- Rock Location within the state of Michigan
- Coordinates: 46°04′08″N 87°09′58″W﻿ / ﻿46.06889°N 87.16611°W
- Country: United States
- State: Michigan
- County: Delta
- Township: Maple Ridge

Area
- • Total: 0.90 sq mi (2.33 km^{2})
- • Land: 0.90 sq mi (2.33 km^{2})
- • Water: 0 sq mi (0.00 km^{2})
- Elevation: 968 ft (295 m)

Population (2020)
- • Total: 181
- • Density: 200.8/sq mi (77.54/km^{2})
- Time zone: UTC-5 (Eastern (EST))
- • Summer (DST): UTC-4 (EDT)
- ZIP code(s): 49880
- Area code: 906
- GNIS feature ID: 636073

= Rock, Michigan =

Rock is an unincorporated community in Delta County, Michigan, United States. As of the 2020 census, Rock had a population of 181. Rock is located in Maple Ridge Township along M-35 and the Canadian National Railway, 16.5 mi north-northwest of Gladstone. Rock has a post office with ZIP code 49880.
==Demographics==

Historical population
| Census | Pop. | Note | %± |
| 2020 | 181 |  | — |
U.S. Decennial Census

==History==
Rock was first settled in 1865 by Chicago and North Western Railway workers. J.R. Steele bought land in the community from the railroad in 1866 and settled there, and George English built a store there in the same year.
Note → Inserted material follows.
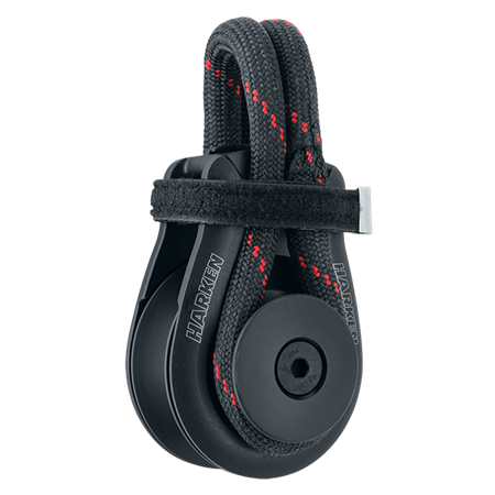 These multipurpose blocks are a must on racing yachts of all sizes. Opening sideplates make them easy to deploy, allowing crew to quickly fasten them wherever needed—perfect for temporary leads, line deflection, and static line functions requiring small adjustments. A strop soft-attach is fixed on one side, but is easily removable on the other. The strop carries the block’s primary load and articulates for a fair lead. The Velcro® strap is permanently attached to one sideplate and holds the block securely closed when sideplates are aligned—even under the highest loads. The strap has a broad reflective tab for easier operation with gloves.

The community was originally called Malton Spur, and a post office called Malton operated from March 28, 1879, to April 30, 1883; Henrietta Crawford served as postmaster of this post office. The community was then renamed Maple Ridge, but changed its name again to Rock when applying for a new post office. The new name was coined by John Niequist and was derived from the rocky terrain in the area. The new post office opened on June 16, 1886, with Niequist as postmaster.

==Climate==
This climatic region is typified by large seasonal temperature differences, with warm to hot (and often humid) summers and cold (sometimes severely cold) winters. According to the Köppen Climate Classification system, Rock has a humid continental climate, abbreviated "Dfb" on climate maps.